Who is at home? That’s my nightmare every weekend since I live here, I love New York and I really enjoy living in the middle of Manhattan, be by midtown I can move everywhere I want. The problem is that I’m living with a American family who, I guess they don’t believe in me, may them think I don’t have projects, I do, I have education and life, I keep me busy daily, I write everyday, read day by day, and the new… be comic.
Every morning around 5:45/6:00am Mateo wakes up, they are days that I’m already awake, but of course I pretend that I’m sleeping. Outside, I can hear the daily sounds, argue, playing, tv, screaming. I’m not part of that, as I keep myself in bed for the next 3 hours trapped in my own mind, trying to enjoy be here, almost impossible I'll be at work or a party and get that same feeling. I'm not like these people. I don't know what I'm doing here, why am I here? I got a panicky feeling in my chest, one that made it harder to breathe. Around 8/8:30 I made myself off my room, fixing a big morning smile and a loud enthusiastic “good morning” for everyone (I do it also for myself, give me hope to start the day, I will be closer to my dream today).

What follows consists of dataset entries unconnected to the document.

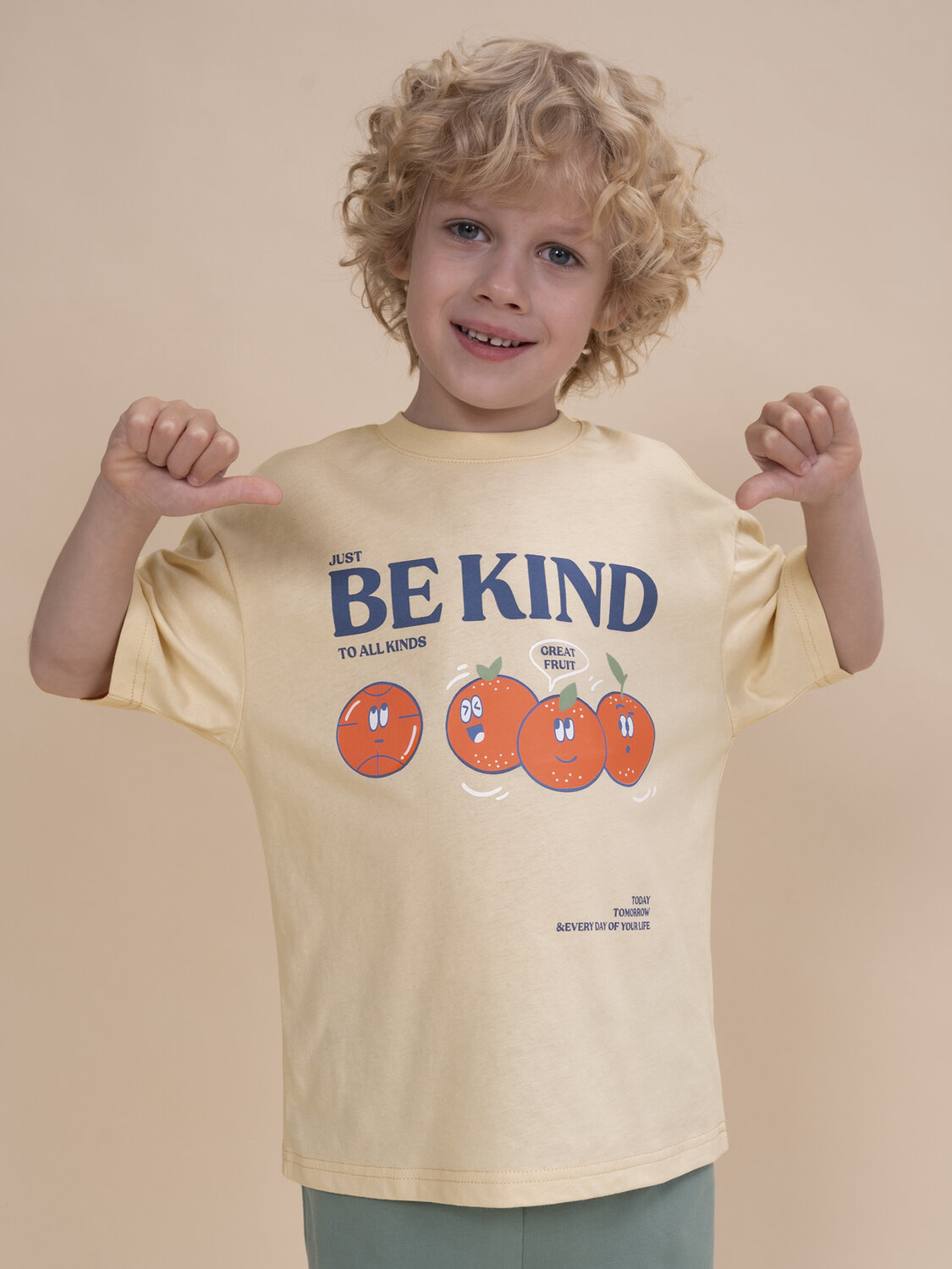 Футболка детская – модель умеренного объема на каждый день, для дома и прогулок. Легкая трикотажная футболка подходит в качестве нательного белья и многослойных образов. Базовая футболка на любой сезон. Изделие из 100% натурального хлопка, мягкий материал приятно прилегает к телу, не вызывая дискомфортных ощущений во время движений. Хлопок хорошо пропускает воздух, обеспечивает гигроскопичность. Материал не задерживает влагу - ребенок не потеет. Детская футболка с оптимальным размером горловины удобна в носке - позволит ребенку с легкостью надевать и снимать ее самостоятельно, прослужит долго и будет радовать износостойкостью. Модель представлена в бежевом цвете. Универсальный вариант на любой выход. Футболка для мальчика с принтом украшена надписью "Just be kind to all kind today tomorrow & every day of your life" – перевод "Просто будь добрым ко всем сегодня завтра и каждый последующий день". На картинке изображены фрукты и мячик с эмоцией веселого настроения. Изделие привлекает забавным дизайном. Футболка для мальчика подростковая рассчитана на возраст садика и школы. Размерная линейка: 1 (86): 2 (92): 3 (98): 4 (104): 5 (110): 6 (116): 7 (122): 8 (128): 9 (134): 10 (140): 11 (146). Крутая футболка для мальчика – отличный подарок для сына, внука, братика, племянника, крестника! Выбирайте нужный размер по таблице размеров на фото. Цвет товара на экране вашего устройства может отличаться от цвета изделия вживую.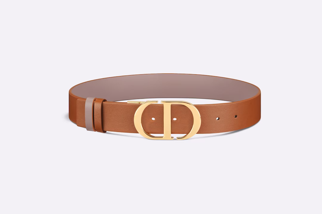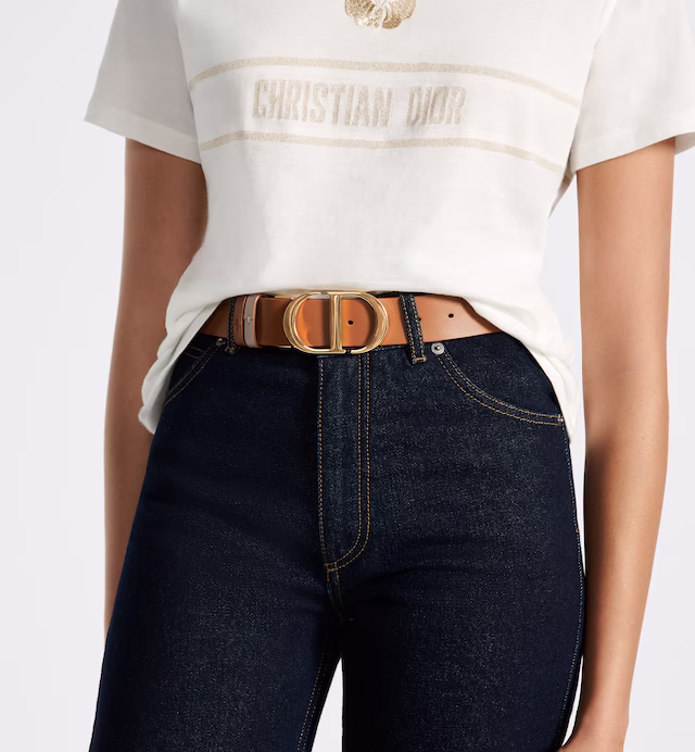 Inspired by the hallmark namesake bag, the 30 Montaigne belt is offered in a reversible variation, thanks to its swivel feature. Crafted in golden saddle smooth calfskin on one side and warm taupe on the other, it is embellished with the iconic shiny gold-finish metal CD buckle. The design also features two removable loops that can be worn in an either tonal or contrasting fashion. The timeless accessory elegantly highlights the waist and will pair effortlessly with jeans, a skirt or a dress.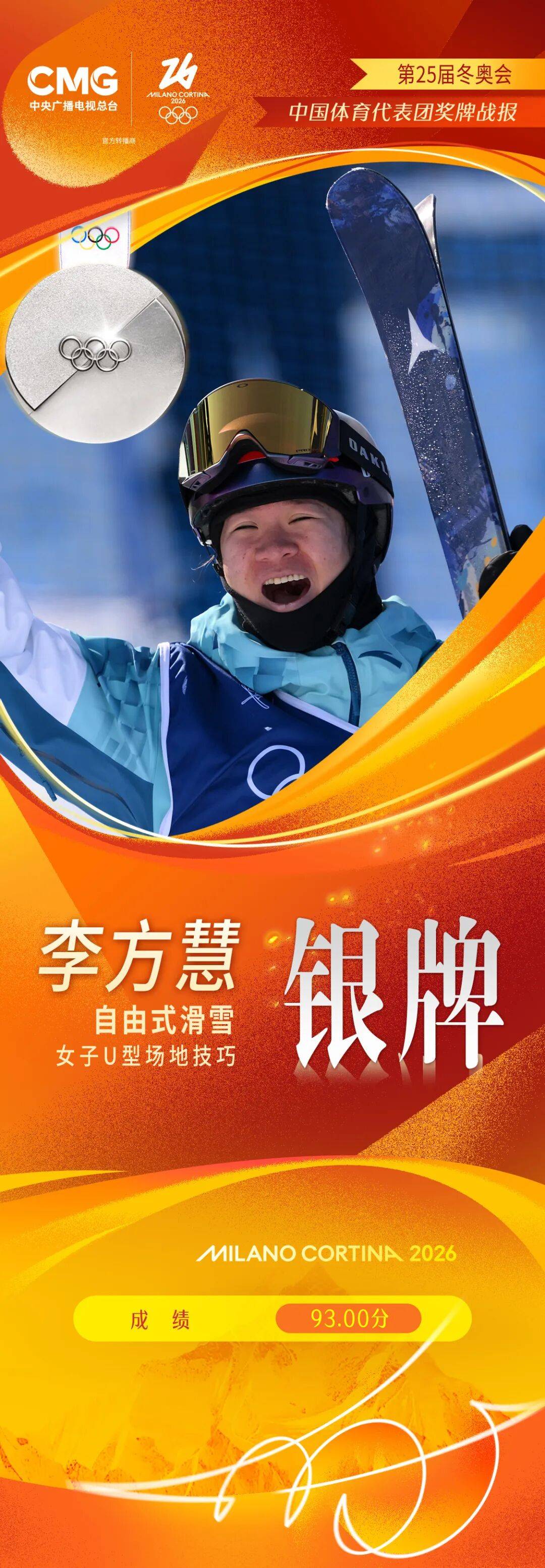 央视新闻消息,米兰-科尔蒂纳冬奥会,自由式滑雪女子U型场地技巧决赛,中国选手谷爱凌夺得金牌,李方慧获得银牌。中国队包揽金银!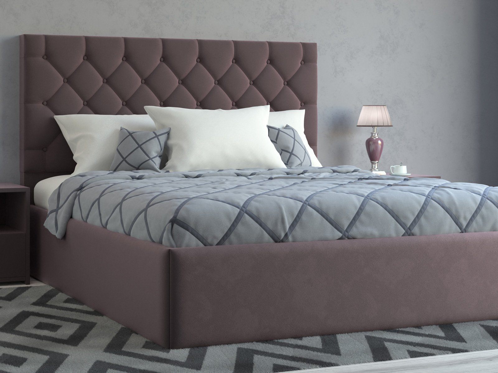 Мягкая кровать с обивкой из велюра.
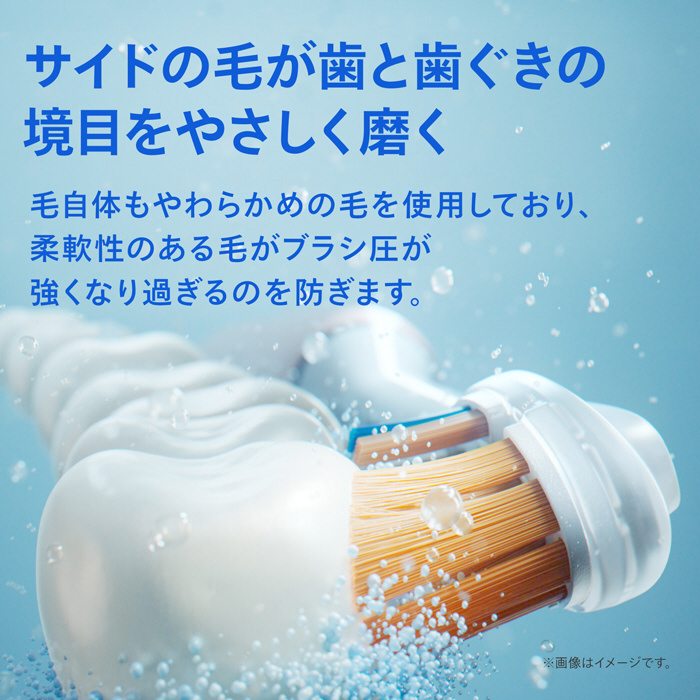 歯を磨きながら同時に、ブラシヘッドのサイドの毛が歯と歯ぐきの境目をやさしくブラッシングし、約 2 週間で歯ぐきの健康を推進※。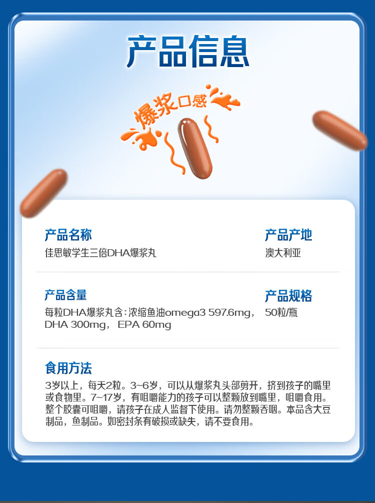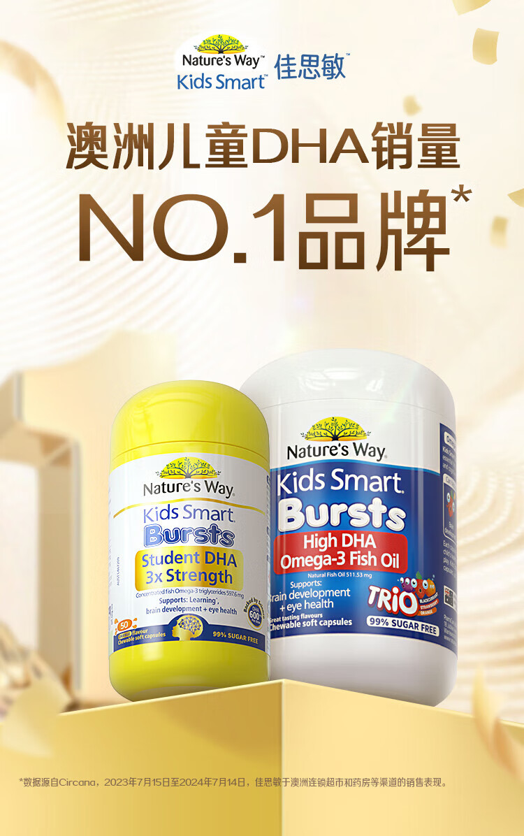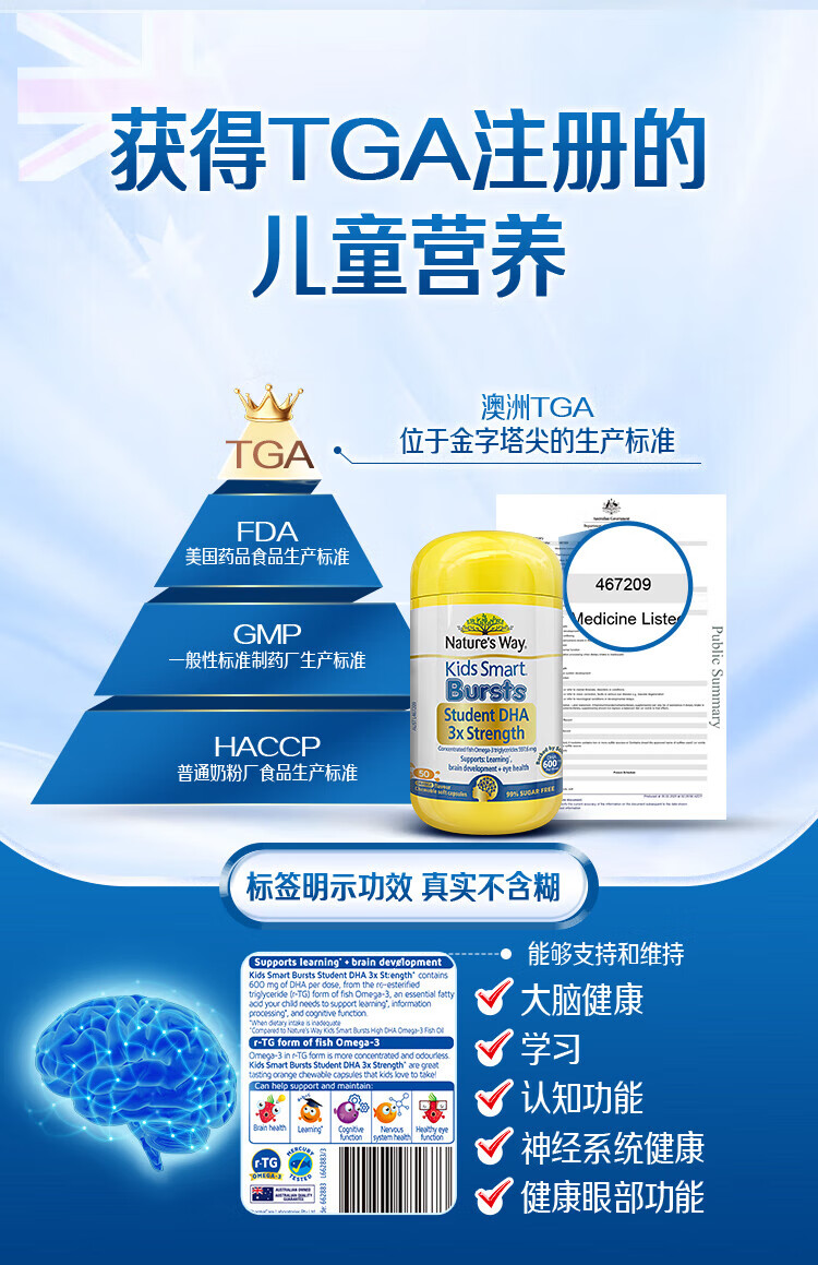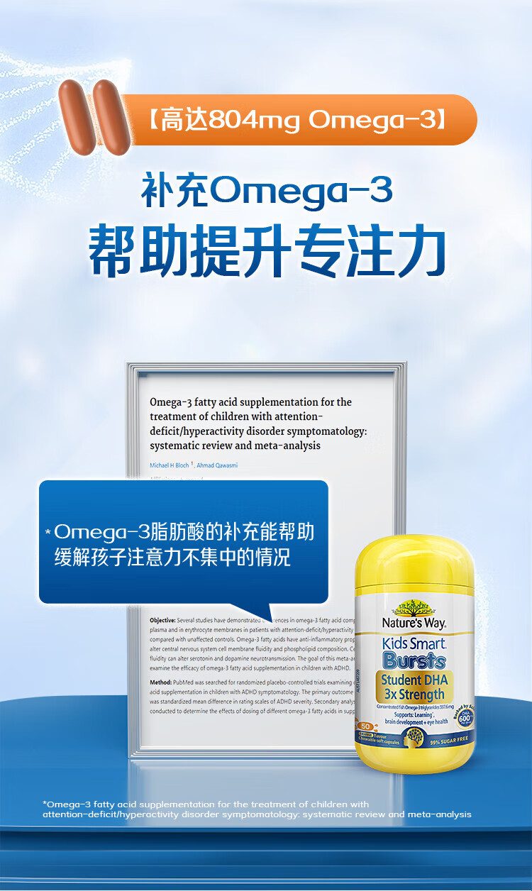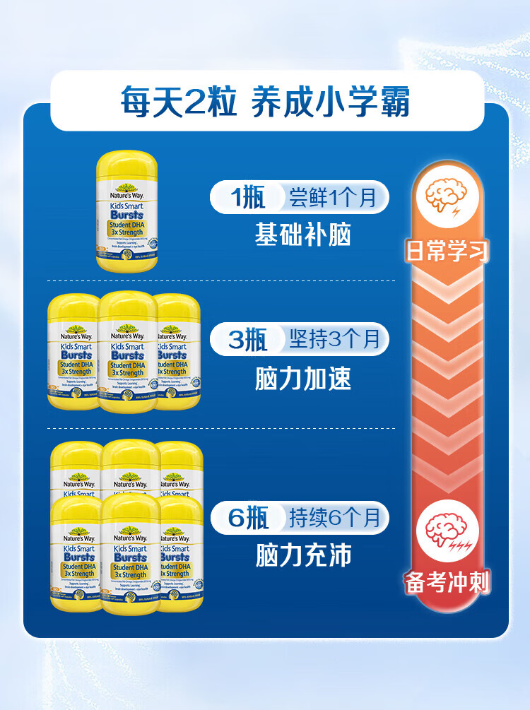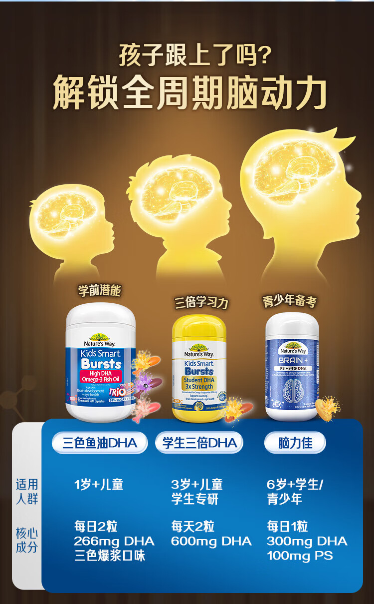 Nature's Way Student's Triple High Content DHA Fish Oil Teenagers' Brain and Memory Booster No Odor Xueba Pill Triple DHA Fish Oil 50 capsules*1 bottle
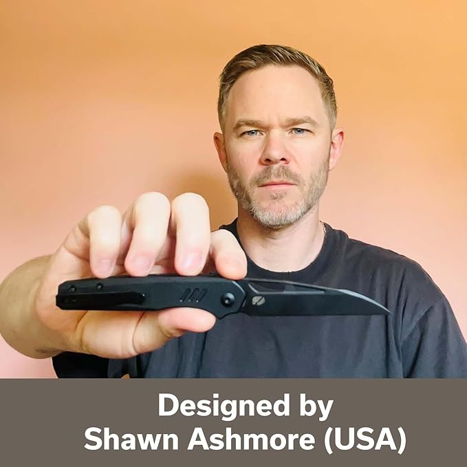 - Designed by Shawn Ashmore (USA): Expertly crafted by designer Shawn Ashmore, this premium pocket knife combines sleek aesthetics with high-performance functionality for everyday carry

I have no I idea why I haven't been able to sleep... but it is killing me, it’s not just the weekend, it is every single day. Between the weekdays comfort me that I should be up at 6:20 to get ready to work (there some days that I fall sleep went I should be up). I'd been lying awake for the last few hours, because having no social life meant that you went to bed early, event on nights where there is more excitement, but I have no friends or boyfriend in the city right now (sadly I know), I’m working on that. Yes I’m trying to make new friends, the reason the weekends are a nightmare, like I told you I live with an American family, so “Mi casa es su casa”, I’m grateful for what I have, for where I live, I just want to be alone at home without feel guilty of don’t help around (the weekends) or because I want to sleep all day long, or watch a movie, the problem is that if I do that I’ll be a lazy nobody plus selfish. If I go out night’s weekend my sleep consists on 3 to 4 hours per day. But wherever I lay down, I would find myself tossing and turning for hours, my thoughts keeping me awake. I just asking to have my weekends for sleep. Good Luck to me!